The European Commission announced on Monday that it has opened a comprehensive investigation to determine whether Romania’s public support provided to Complexul Energetic Hunedoara (CE Hunedoara), a state-owned electricity and heat producer, complies with EU state aid rules regarding at-risk companies.
In a press release, the Commission said it has doubts about whether CE Hunedoara’s “proposed restructuring plan could restore the long-term viability of the company without continued State aid.” The EU executive said it was concerned by CE Hunedoara’s debts and ability to contribute to restructuring costs.
CE Hunedoara has around a 5% market share of Romania’s national electricity production, according to the Commission. In addition to providing electricity and heat, the company operates coal mines and uses the coal to fuel its power plants.
CE Hunedoara has struggled with financial difficulties since 2013. In accordance with Romanian law, it began formal insolvency proceedings in 2016. The Commission says the insolvency proceedings have since been suspended “pending an appeal by trade unions before a Romanian regional court.”
In April 2015, the Commission granted Romania permission to provide €37.7 million in temporary rescue aid to CE Hunedoara.
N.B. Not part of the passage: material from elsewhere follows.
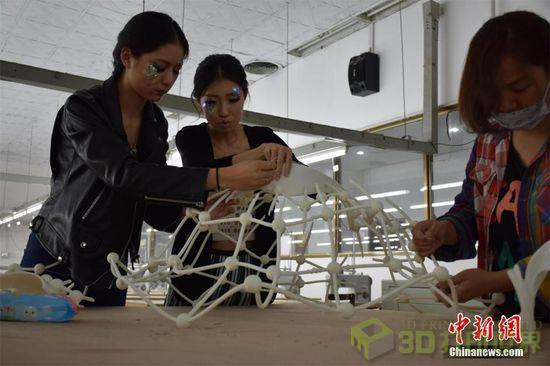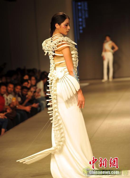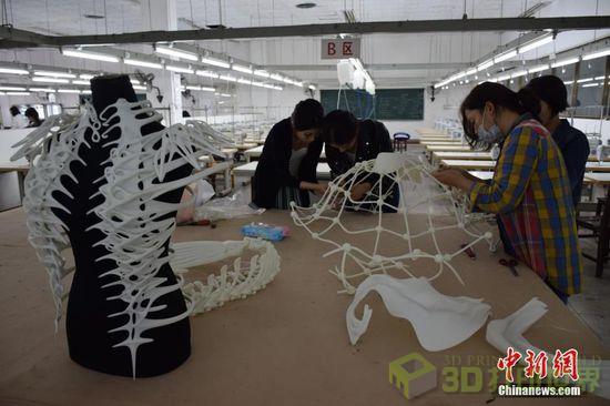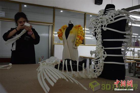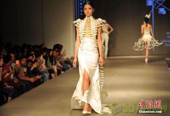 在武汉纺织大学服装与服饰设计专业毕业作品展上,3套用3D技术打印而成的服装作品一经亮相,引来不少关注。据设计者汤晓介绍,该服装以希腊神话故事里海妖Siren为灵感而创作,3D服装立体呈现出了海妖的骨骼结构。服装从设计到成型用时4个月,耗资5万余元。(图片来源:中新网)

By providing the funds, Romania committed to submitting a restructuring plan to ensure the future viability of CE Hunedoara in the event the company could not pay back the loan within six months. In a separate ruling in the same month, said the company must pay back around €6 million in “incompatible state aid.”
According to the Commission, state intervention is only permitted for a company facing financial difficulties under specific conditions. Rescue aid may be granted for up to six months. After this time, aid must either be paid back or the Commission must be notified of a restructuring plan in order for “restructuring aid” to be approved.
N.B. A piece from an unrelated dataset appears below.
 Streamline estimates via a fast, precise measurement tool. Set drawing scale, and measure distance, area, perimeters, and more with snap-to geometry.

EU state aid rules also require a company to have “a sound restructuring plan to ensure its return to long-term viability” in the absence of state support. The company must contribute an “adequate” amount to restructuring costs as well as limit any competition distortions that may have been created by the aid.
When CE Hunedoara entered into insolvency proceedings in 2016, it owed more than €500 million to various state organisations. The amount includes a portion of the “rescue loan” from the Romanian government in 2015, a loan to finance the repayment of €6 million in “incompatible state aid,” as well as about €73 million worth of additional loans provided by the Romanian government in order to prevent CE Hunedoara from going under.
Regarding the company’s contributions to the restructuring costs, the Commission raised concerns that “the restructuring plan does not foresee a discernible contribution of CE Hunedoara to the costs of restructuring nor measures to limit possible distortions of competition as a result of the significant state support.”
The Commission said it will explore these concerns during the investigation proceedings. The EU executive also said it will continue to collaborate with Romanian authorities during the investigation in order “to find a viable solution for CE Hunedoara’s assets that will ensure they continue to supply electricity, reduce costs for consumers and limit the burden on Romanian taxpayers.”